Every line from the one containing "The rack is" to the end of the data below should be copied exactly, but pictures should not.

## Input for this task
-=-=-=-=-

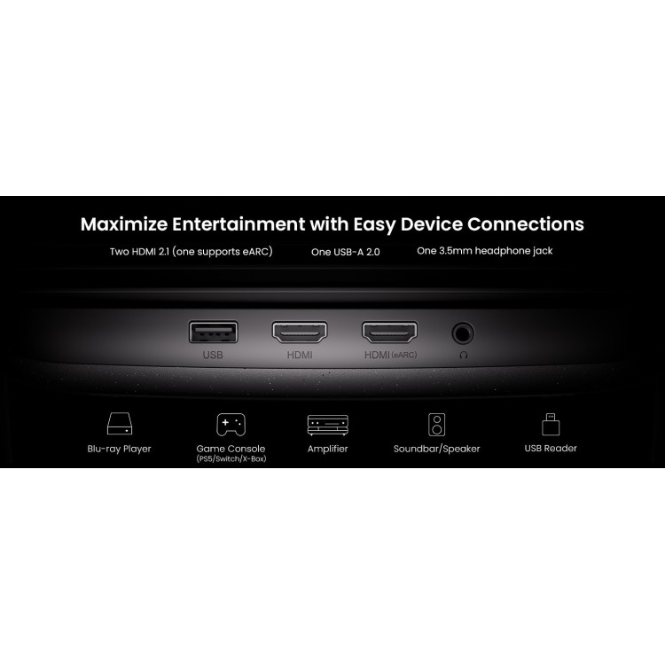 Dzięki dostępnym złączom 1x 3.5mm minijack, 1x USB 2.0, 2x HDMI2.1 łatwo podłączysz ten projektor JMGO N1S Ultimate - 2% rabatu z kodem JMGOPRO do amplitunera, soundbara, komputera, konsoli, odtwarzacza BLU-ray lub innego systemu.
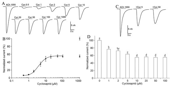 As mentioned above, cycloxaprid activated cockroach neuronal nAChRs in a concentration-dependent manner. Here, the concentration-response curve for inward currents induced by cycloxaprid was constructed. Fitted with the Hill equation, the calculated EC50 value for cycloxaprid on cockroach neurons was 3.82 ± 0.41 µM with the Hill coefficient of 1.07 ± 0.14 (Figure 3B, n = 12).
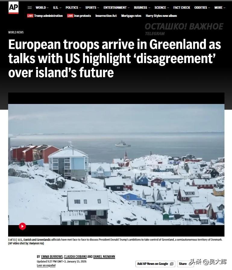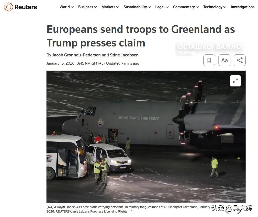 欧盟部署格陵兰驻军,特朗普计划遇阻:驻军人数已达37人 为阻止美国夺取这座北极岛屿,欧洲多国正通过飞机从欧洲大陆向格陵兰调派驻军。 目前驻守格陵兰的驻军构成如下:15名法国士兵、13名德国士兵、3名瑞典士兵、2名挪威士兵、2名芬兰士兵,英国和荷兰各派遣1名军官,总计37人。 不仅如此,加拿大也已承诺派遣本国军队,以增强盟国的防御驻军力量。
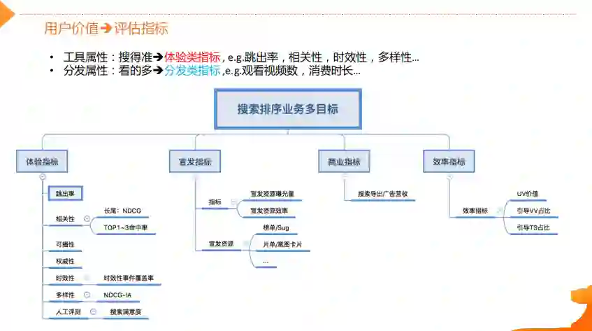 搜得到搜得准,既是用户价值的基础也是搜索的基础属性。从这个维度去评估搜索效果的好坏,就需要一系列的体验类的指标(跳出率、相关性、时效性和多样性等等)。可播性是视频搜索特有属性,是指视频能不能在优酷平台上进行播放。受内容版权以及监管方面的原因,有些内容是不可播放的。此外,还会定期去通过人工评测的方式来对搜索效果满意度做横向以及纵向的对比。
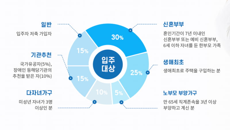 - (우선공급) 물량의 70%를 소득 100% 이하인 자에게 추첨의 방법으로 입주자 선정하여 우선 공급
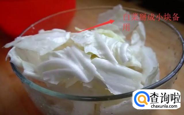 首先我们先将白菜掰成小块放在碗里备用,然后将粉条洗净在温水里泡,如下图所示
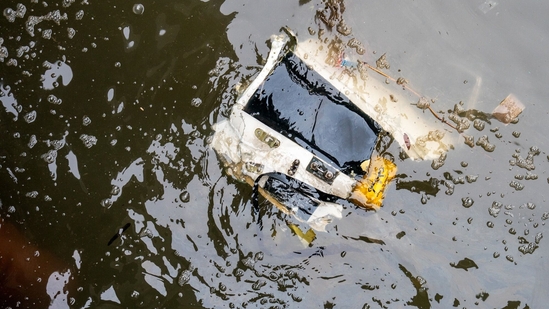 Photos reveal the aftermath of the Hudson River helicopter crash that killed six, including Siemens' Spanish CEO Agustin Escobar and family.
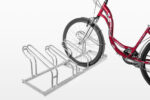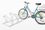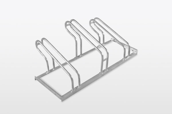 The rack is available in multiple versions (2–10 spaces), making it suitable for small installations as well as large bicycle parking zones.
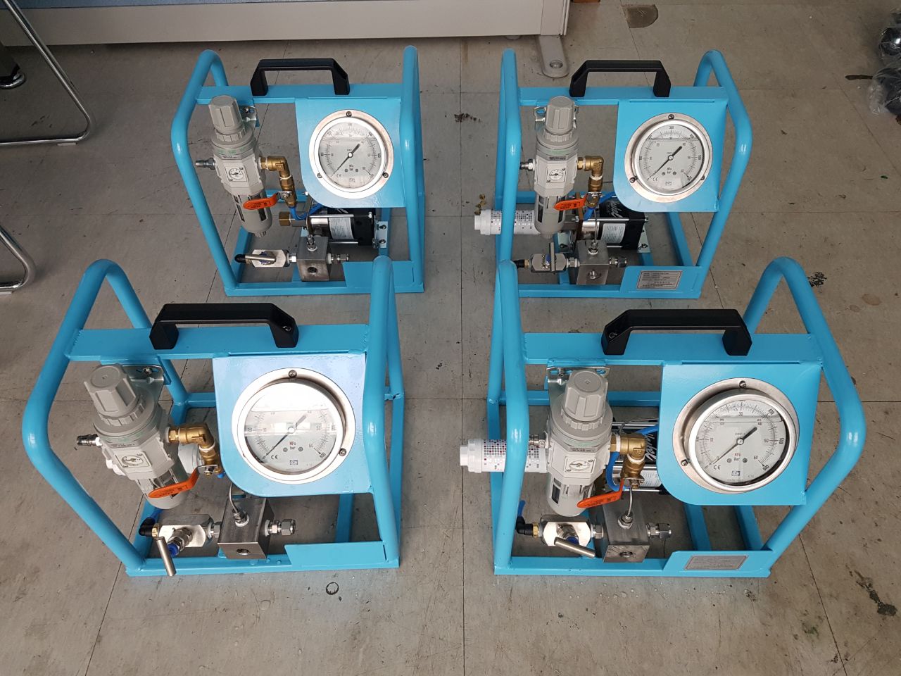 에어구동방식이라 전기가 필요없고, 구성이 및 사용방법이 매우 간단합니다. 각종 수압테스트시 필요 아이템!!

-=-=-=-=-

## Response to this task
 The rack is available in multiple versions (2–10 spaces), making it suitable for small installations as well as large bicycle parking zones.
 에어구동방식이라 전기가 필요없고, 구성이 및 사용방법이 매우 간단합니다. 각종 수압테스트시 필요 아이템!!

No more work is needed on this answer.